Ciudad Rodrigo al día

 

Arde por completo de madrugada la Bibliocaseta

Se trata de la segunda vez que este espacio abierto a la cultura es pasto de las llamas

Como ya ocurrió en noviembre de 2016 (apenas medio año después de su apertura con motivo del Día del Libro de aquel año), y esta vez incluso con mayor gravedad, la Bibliocaseta creada por el Centro Social Aldea en uno de los antiguos kioscos situados en la entrada al Parque de La Glorieta de Ciudad Rodrigo por la zona del Monumento al Garrochista, fue incendiada en la madrugada del jueves al viernes, quedando de nuevo totalmente destruidos los libros que había en su interior.

El suceso ocurrió minutos antes de las 6 de la mañana, siendo un ciudadano el primero que vio las llamas en el lugar, poniéndose en contacto telefónicamente con la Guardia Civil, que a su vez dio aviso a los Bomberos de Ciudad Rodrigo, que movilizaron dos dotaciones para apagar el fuego.

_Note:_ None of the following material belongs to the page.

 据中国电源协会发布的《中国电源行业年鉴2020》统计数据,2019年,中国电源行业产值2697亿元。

Como se puede ver en las imágenes, el fuego afectó a todo el interior de la Bibliocaseta, que por cierto últimamente presentaba un aspecto muy descuidado, con casi todos los libros tirados por el suelo, al permanecer cerrada al acceso de público desde que estalló la pandemia.

Las llamas de la última madrugada han afectado a los libros, a las baldas distribuidas por el espacio, y a las paredes interiores, así como a las ventanas y a la puerta. Hasta la Bibliocaseta también se acercó en el momento del incendio la patrulla de servicio de la Policía Local (cuya sede está justo al lado) y una de la Guardia Civil (cuyo Cuartel tampoco está demasiado lejos).

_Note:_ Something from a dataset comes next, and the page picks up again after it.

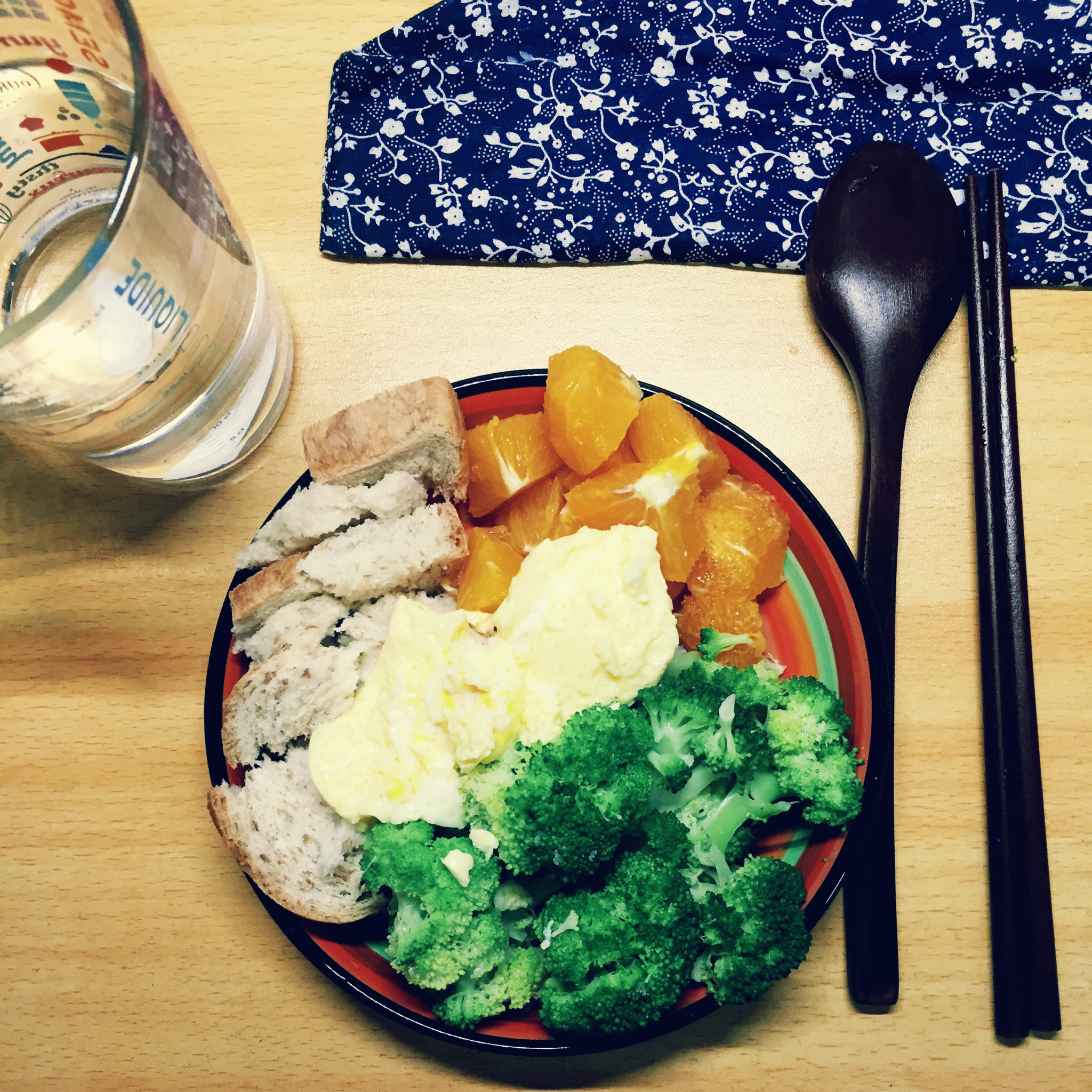 西兰花 全麦 橙子 鸡蛋羹 清水

La entidad responsable de la Bibliocaseta, el Centro Social Aldea, emitió un comunicado en la mañana del viernes para condenar “el ataque de intolerancia”, exponiendo que “los corazones de quienes impulsamos este proyecto” están, al igual que cuando fue incendiada en 2016, colmados de “cenizas, oscuridad, dolor y un sentimiento de rabia e impotencia”, considerando que los ataques a la cultura “lo son también a la razón; son una muestra de intolerancia en su máxima expresión y muestra de una deriva social alarmante que debería hacernos reaccionar”.


El CSA Aldea recuerda que, tras el primer incendio, “recibimos el cariño y el abrazo de todo el pueblo de Ciudad Rodrigo, que ya había hecho suyos el espacio, su contenido y su significado”, y como “somos conscientes de que el pueblo de Ciudad Rodrigo sigue queriendo un espacio como éste, vivo, abierto, dinámico y plural”, ya preparan su vuelta a la vida.

En este sentido, anuncian que “seguiremos con el empeño de que nuestra biblioteca no tenga llaves que la clausuren y la aparten de nuestro día a día, porque no hay mechero que queme nuestros sueños”, avanzando que como ya ocurrió en noviembre de 2016, esperarán con tranquilidad a que “los restos del desastre sean retirados”, y “comenzaremos las gestiones necesarias para su reapertura”.